I promise to call her every day (“you’d better”) and we say our final goodbye. I sit in my bed and cry until my favourite nurse, Perla, knocks on my door.
Having originally moved to California with her three young children to escape horrendous violence against her family in Guatemala, Perla has fought and beaten cancer twice, before losing her husband to it earlier this year. She has just found out that hers has come back, and she doesn’t know how she is going to afford the medical bills.
“It’s time for your first shower Mrs Beautiful”, she says, smiling with her whole body, as always.
I look her up and down, from her wild curly hair she has somehow tamed into a shower ready bun, to her green frog-eyed rain boots, complete with a crudely drawn smile below the eyes in marker pen. My heart feels like it is too big for my chest, like there isn’t enough room for me to feel this much love and sadness at once, for what she has been through, and continues to go through, and for her unfathomable kindness in the face of it all.
“Where is Mr Handsome?” she says, looking over at the chair Mat is usually nestled into.
“Oh, he’s just dropping Mum back home. He’ll be back in later tonight”.
“Ok”, she says, looking me up and down, “so what do we have?” She finishes her scan of my body, nods and scurries out of the room.
I take a deep breath and try to comprehend what is about to happen.

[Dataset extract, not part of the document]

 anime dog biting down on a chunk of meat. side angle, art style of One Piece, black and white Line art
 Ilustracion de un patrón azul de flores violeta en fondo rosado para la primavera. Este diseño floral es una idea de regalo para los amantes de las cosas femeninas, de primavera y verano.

A shower. Wow. It’s been months. I don’t even think I remember what having a shower feels like anymore.
She returns minutes later with a waterproof neck brace and variously sized pieces of plastic, before covering and carefully taping up my colostomy, all eight of my incision sites and the IV line in my right arm. She finishes the twenty-minute prep session by switching my neck-brace for a waterproof one and helps me manoeuvre onto the shower seat.

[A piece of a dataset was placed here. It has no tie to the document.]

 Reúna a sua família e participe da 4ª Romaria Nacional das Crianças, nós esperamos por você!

Pulling out the shower-head, she turns it on and lets the water trickle through her hand, raising her eyebrows at me in anticipation as she waits for the right temperature.
Turning the faucet towards me, she allows the water to trickle down my front. I gasp, losing myself in the sensation of gentle taps of warmth all over my body. Lifting the faucet up to my head, I lean it forward into the flow, and feel consumed in a glow of energy as the warmth makes it’s way down my head and over onto my shoulders, my ears filled with the drumming of gushing water.
She massages shampoo into my hair, filling my nostrils with the smell of lemons, and rubs a warm soapy flannel over the contours of my body. As she does this, I flit between joy and horror, as each new area she touches reveals another part of my body that has either completely lost sensation, or fires against the flannel like an open sore. My left foot explodes with such intensity when the flannel reaches it that I emit a loud shrieking sound.
“Pleeeaase stay away from my foot”, I plead, like a desperate banshee.
Recognising quickly how overwhelmed I am by the experience, Perla decides that this is enough for tonight. She gently turns off the water, pats me slowly dry with a rough hospital towel and wheels me back to bed.
I clamber under the sheets, feeling the movement of each fibre of cotton against my body as I pull the covers up to my chin, reacclimatising to the heightened sensitivity of clean skin. What a trip.
I stare at the ceiling and wait for the weight of the world to lift off of me, along with all that dirt.